On standard Sokoban, PPO-EntirePlan reaches 49.12 while WMAct reaches 78.57. On Sokoban Hard-1, PPO-EntirePlan collapses to 2.34, while WMAct reaches 52.68. On Sokoban Hard-2, PPO-EntirePlan is nearly dead at 0.35, while WMAct reaches 49.90.
That is not merely a better score. It suggests that monolithic planning can learn something that works in the training-shaped setting, but fails when the environment grows more complex. Sokoban is especially revealing because actions can be irreversible. Push a box into the wrong position and the puzzle may be doomed. This punishes greedy local moves and shallow state tracking. WMAct’s advantage there supports the paper’s claim that interaction can help the model learn more robust long-horizon dynamics.
Maze tells a related but milder story. PPO-EntirePlan is already strong on the standard Maze task at 75.04, but WMAct still improves to 88.14. On the harder Maze variant, the gap widens: 26.51 for PPO-EntirePlan versus 50.59 for WMAct. Again, the interpretation is not “interaction is nice.” It is that training through disciplined interaction appears to transfer better when planning length or structural complexity increases.
Taxi is interesting for another reason. PPO-Interactive barely improves over PPO-EntirePlan on Taxi: 39.16 versus 38.92. WMAct reaches 62.16. This suggests that interaction alone is not sufficient. The structure of interaction matters. Without reward rescaling and frequency annealing, the model may interact but fail to internalize.

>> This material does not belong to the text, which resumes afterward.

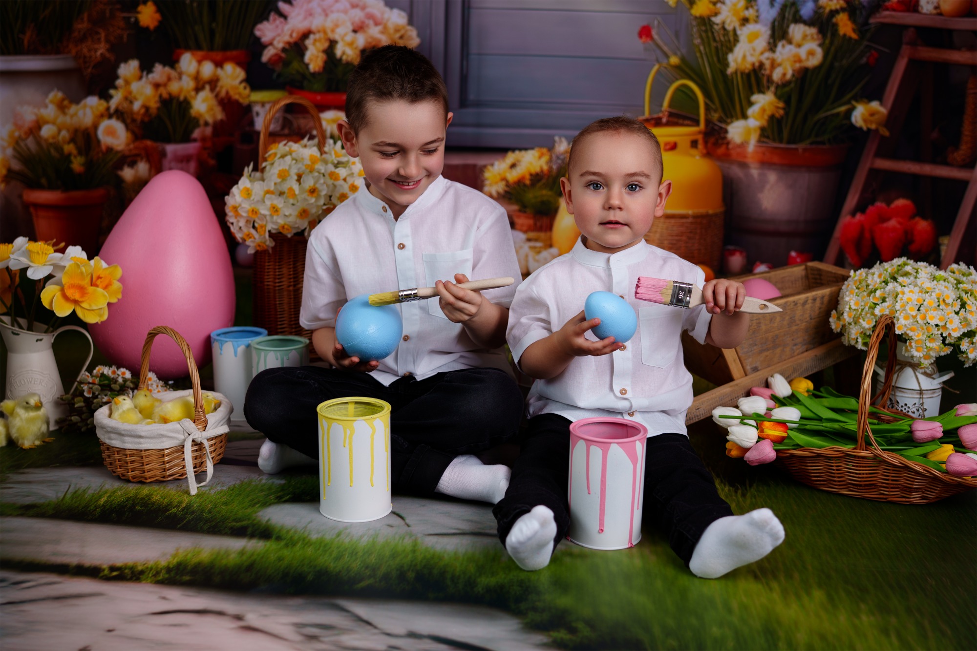 Podczas takiej sesji pełnej kolorowych rekwizytów i mnóstwa uśmiechów wykonujemy ujęcia indywidualne, rodzeństwa, koleżeńskie oraz grupowe.

The training curves are the central evidence for the paper’s thesis
The task tables show performance. The training curves explain why the paper’s claim is stronger.
The authors compare PPO-EntirePlan, WMAct’s single-turn performance, and WMAct’s multi-turn performance during training. The key observation is that WMAct’s single-turn performance gradually approaches its own multi-turn performance across the environments. In Taxi, the authors report that both single-turn and multi-turn WMAct break through the PPO-EntirePlan performance ceiling.
This is the closest thing to the paper’s “smoking gun.” If multi-turn training only taught the model to rely on feedback, then single-turn evaluation should remain weak. Instead, the model becomes better at solving without the same amount of interaction. The environmental feedback appears to have been compressed into internal planning ability.
That is why “thinking by doing” is not just a slogan. The model first uses action to reduce uncertainty. Then the training pressure forces it to act as if it has learned the pattern behind that uncertainty.
For enterprise AI, this is the difference between two product architectures:
| Architecture | What improves | Hidden cost |
|---|---|---|
| Always-interactive agent | More opportunities to recover from errors | Higher latency, higher tool cost, stronger dependence on environment feedback |
| Internalized world-model agent | Better planning before acting, fewer corrective loops | Requires training/evaluation that rewards useful compression, not just completion |
| Scripted workflow agent | Predictable behavior in known cases | Brittle outside predefined paths |
| WMAct-style training philosophy | Flexible behavior shaped by incentives and interaction budgets | Needs controlled environments and carefully designed progress metrics |
A company deploying agents should care less about whether an agent can eventually finish a process and more about whether it needs fewer interventions over time. This is where the paper’s mechanism becomes operationally meaningful. The question becomes: after exposure to workflow feedback, can the agent perform with fewer tool calls, fewer retries, fewer escalations, and fewer state-inspection queries?
If not, the agent has learned how to consume feedback. It has not learned the process.
The ablations separate useful interaction from noisy activity
The ablation study is not a side dish. It is where the paper defends the claim that the two WMAct mechanisms are doing real work.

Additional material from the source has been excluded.